(Collected data entries)
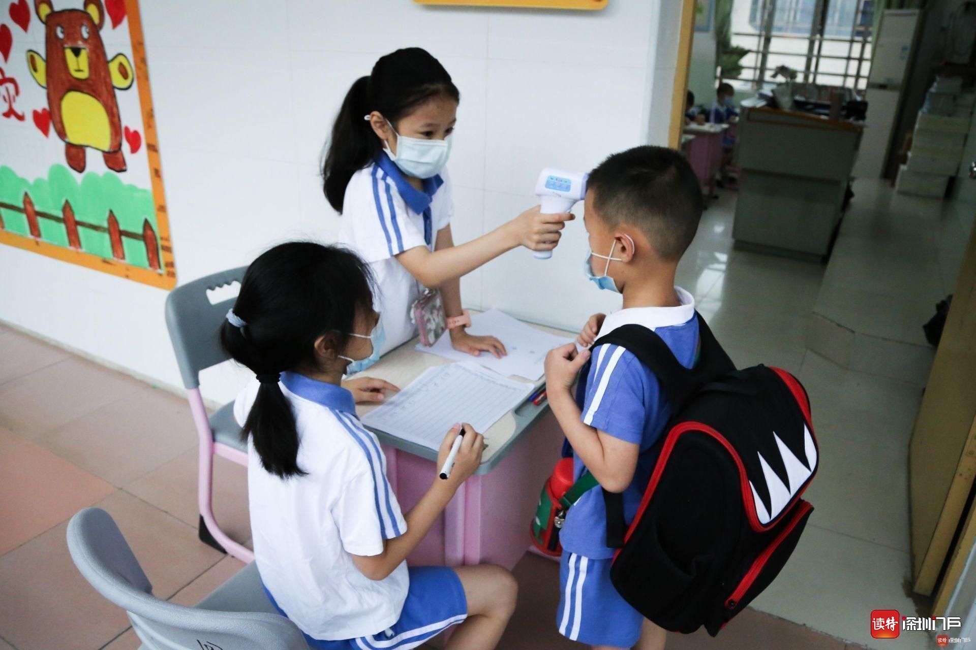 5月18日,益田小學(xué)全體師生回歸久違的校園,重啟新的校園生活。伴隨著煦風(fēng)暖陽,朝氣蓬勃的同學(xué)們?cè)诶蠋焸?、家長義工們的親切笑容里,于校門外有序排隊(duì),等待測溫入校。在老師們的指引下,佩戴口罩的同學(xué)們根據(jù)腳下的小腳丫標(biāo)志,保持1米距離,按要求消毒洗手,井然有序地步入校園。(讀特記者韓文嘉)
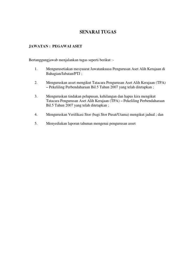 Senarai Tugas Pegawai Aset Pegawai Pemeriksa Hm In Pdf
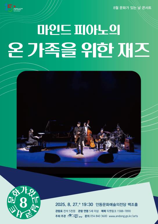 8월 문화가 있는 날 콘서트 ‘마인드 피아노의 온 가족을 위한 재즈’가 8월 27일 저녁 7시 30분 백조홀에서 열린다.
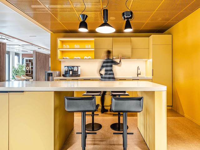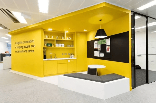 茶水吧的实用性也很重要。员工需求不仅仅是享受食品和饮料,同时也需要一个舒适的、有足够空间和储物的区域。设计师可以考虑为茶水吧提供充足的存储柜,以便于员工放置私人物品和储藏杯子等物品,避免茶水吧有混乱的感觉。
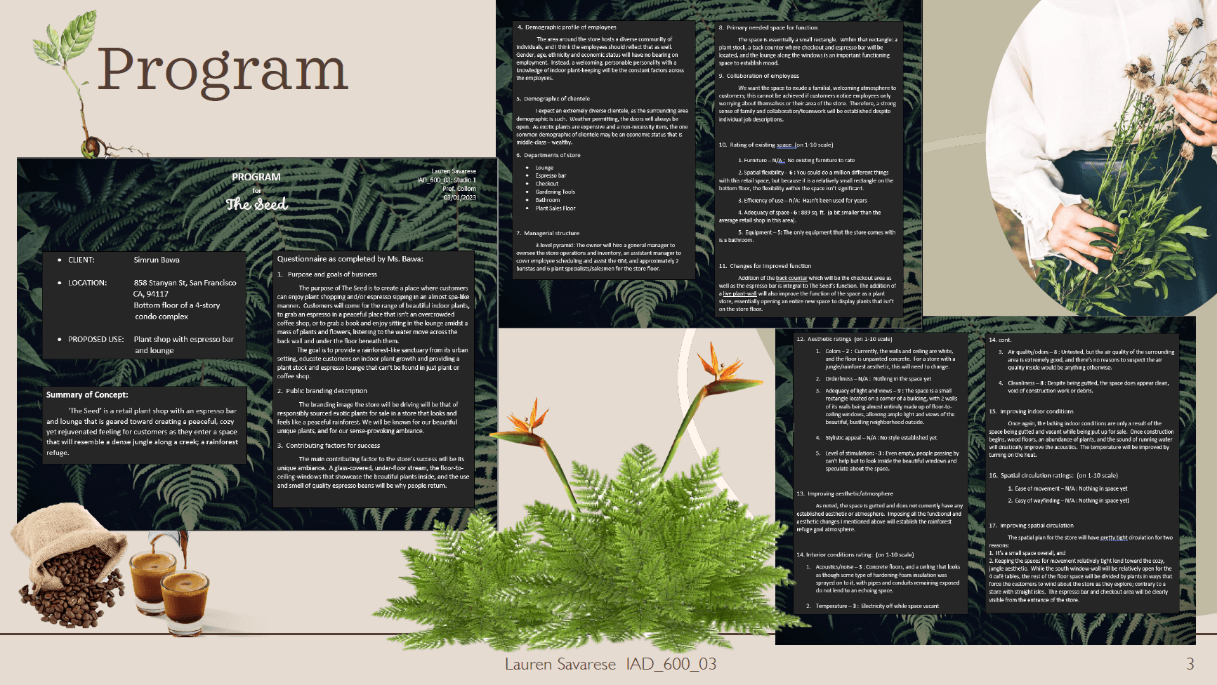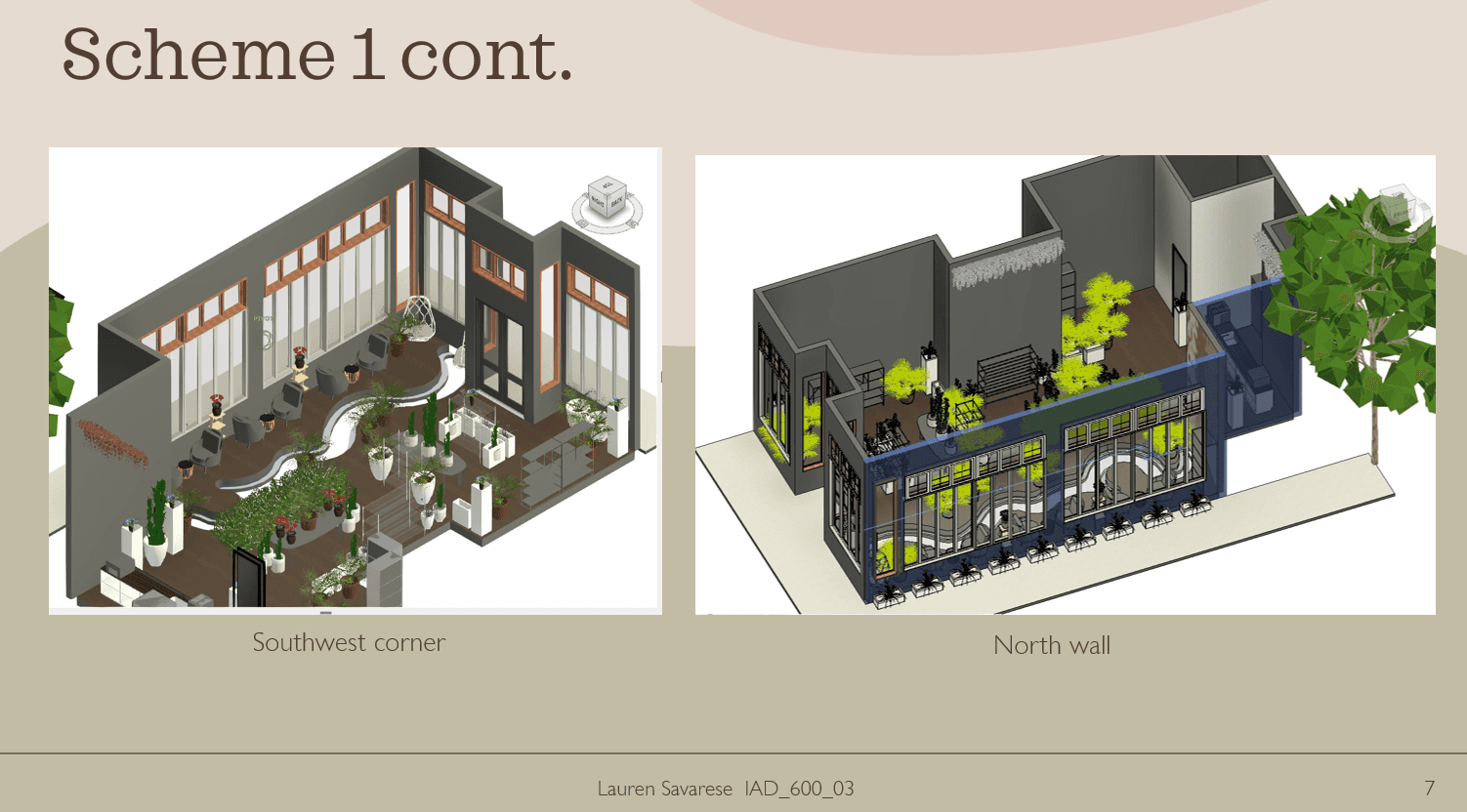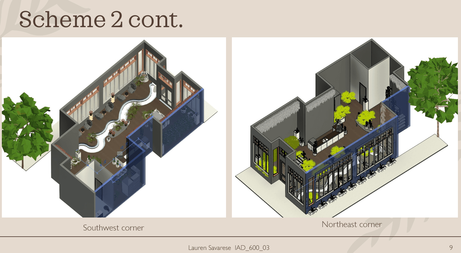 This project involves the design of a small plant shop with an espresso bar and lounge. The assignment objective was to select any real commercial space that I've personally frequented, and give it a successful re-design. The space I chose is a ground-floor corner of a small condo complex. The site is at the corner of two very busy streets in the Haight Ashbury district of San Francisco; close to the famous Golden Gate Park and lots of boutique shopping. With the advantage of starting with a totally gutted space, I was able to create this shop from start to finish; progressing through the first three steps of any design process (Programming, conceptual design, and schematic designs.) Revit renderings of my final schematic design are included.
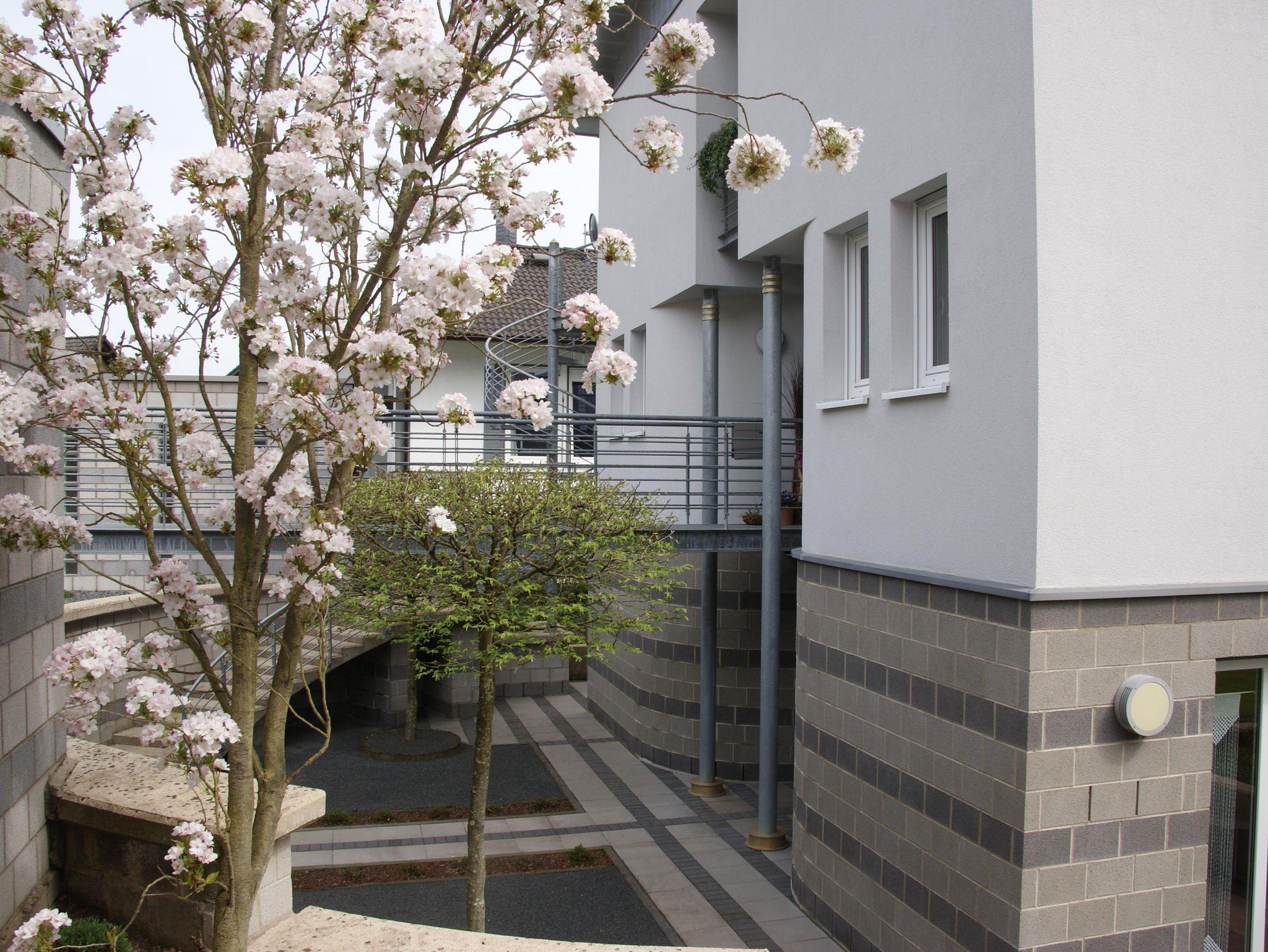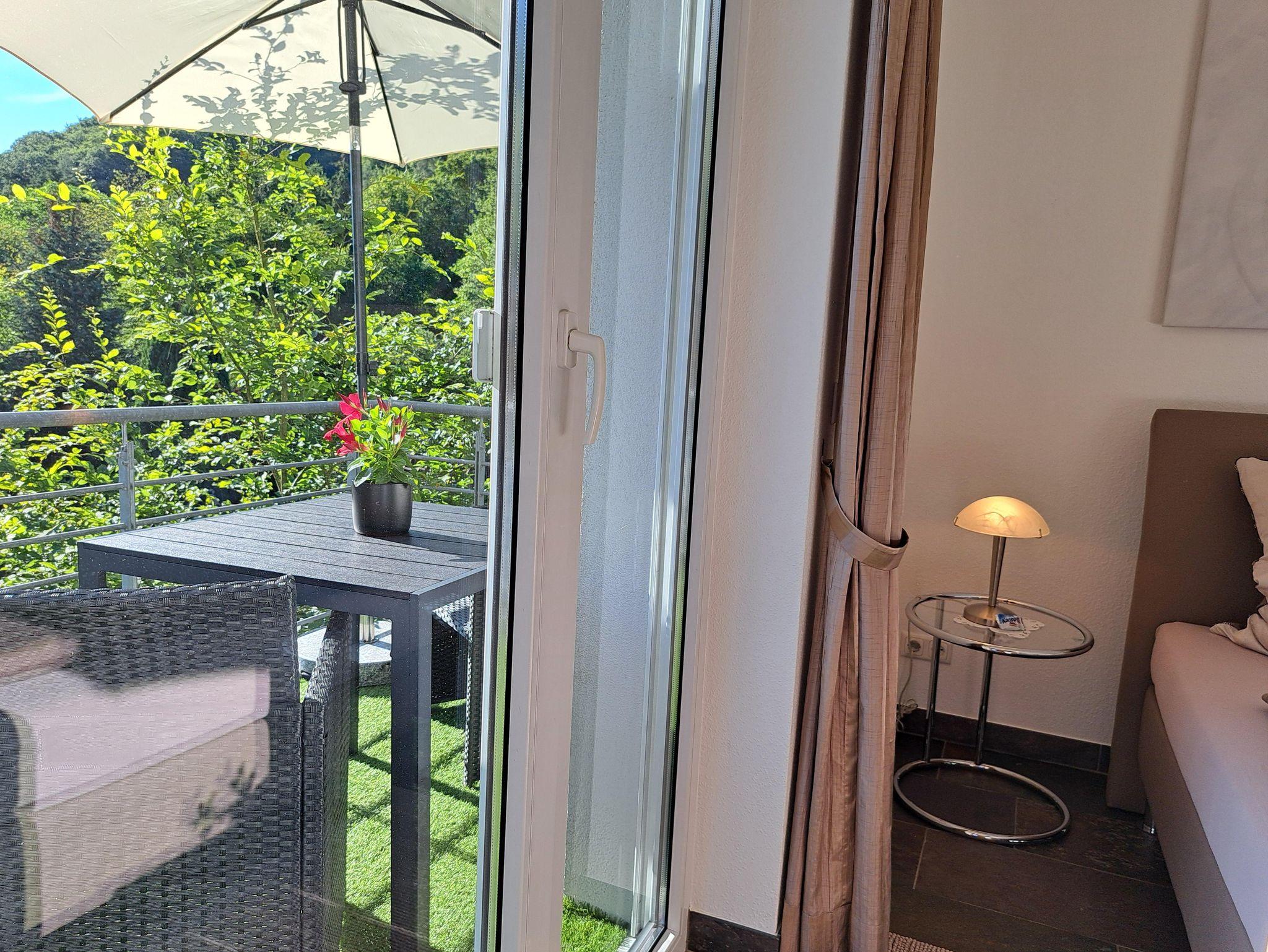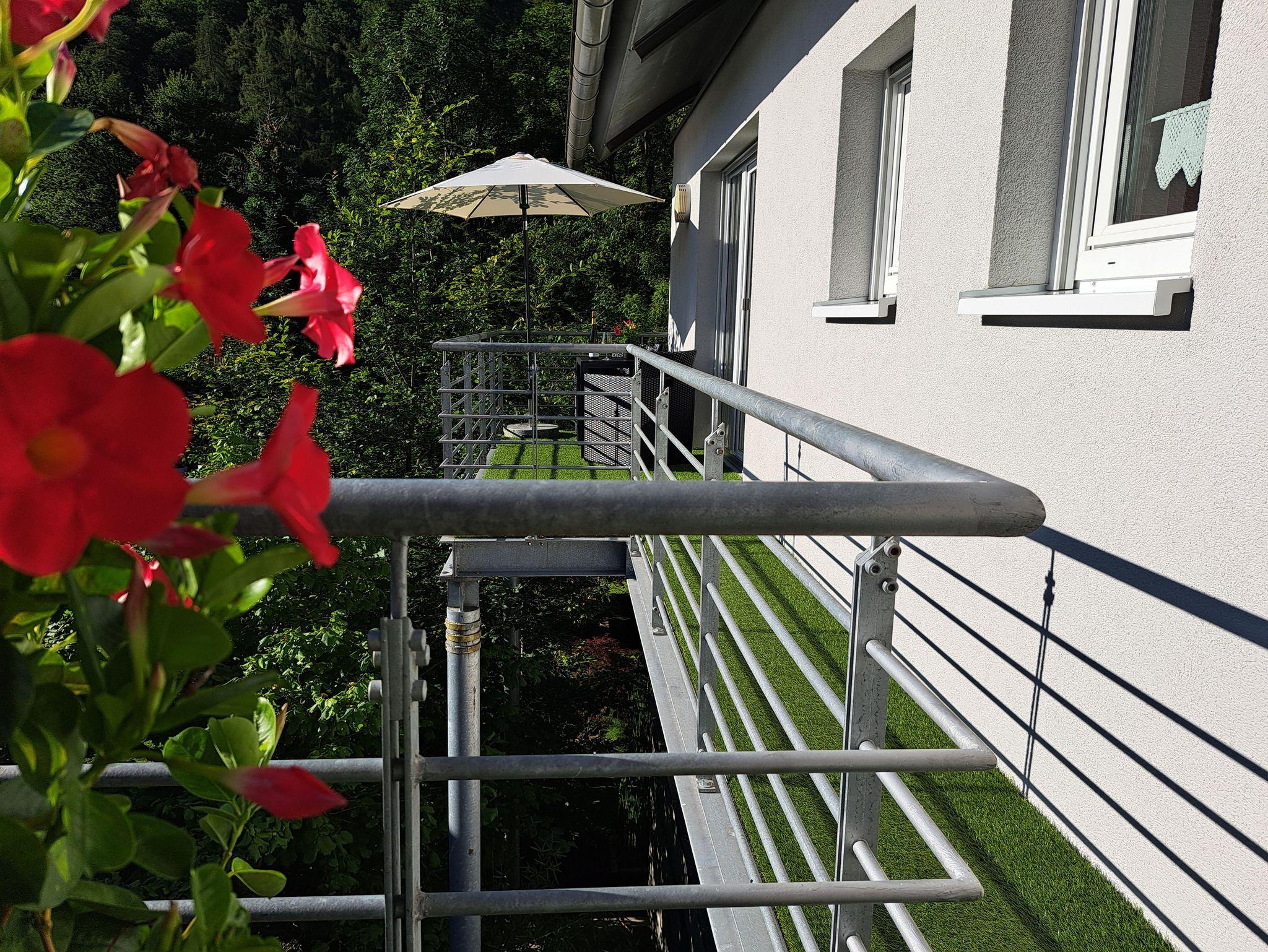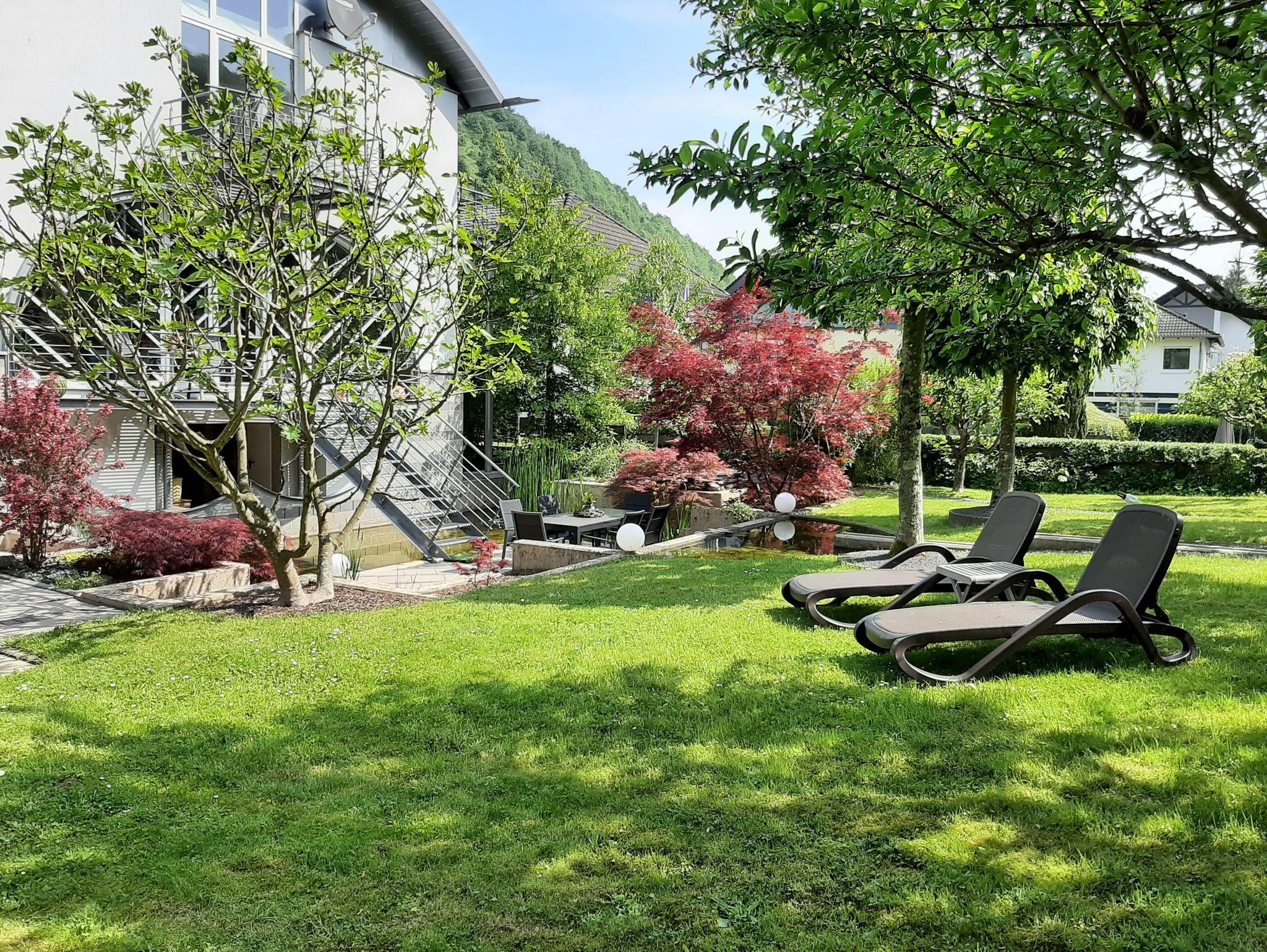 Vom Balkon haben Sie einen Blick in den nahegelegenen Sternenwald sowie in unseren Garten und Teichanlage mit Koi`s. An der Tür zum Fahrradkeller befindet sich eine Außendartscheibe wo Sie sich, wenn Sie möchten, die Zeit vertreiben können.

[Your instructions]
The reply should hold an exact repeat of the entries from their opening line through the line with "Senarai Tugas Pegawai", and no pictures at all.

[Completed task]
 5月18日,益田小學(xué)全體師生回歸久違的校園,重啟新的校園生活。伴隨著煦風(fēng)暖陽,朝氣蓬勃的同學(xué)們?cè)诶蠋焸?、家長義工們的親切笑容里,于校門外有序排隊(duì),等待測溫入校。在老師們的指引下,佩戴口罩的同學(xué)們根據(jù)腳下的小腳丫標(biāo)志,保持1米距離,按要求消毒洗手,井然有序地步入校園。(讀特記者韓文嘉)
 Senarai Tugas Pegawai Aset Pegawai Pemeriksa Hm In Pdf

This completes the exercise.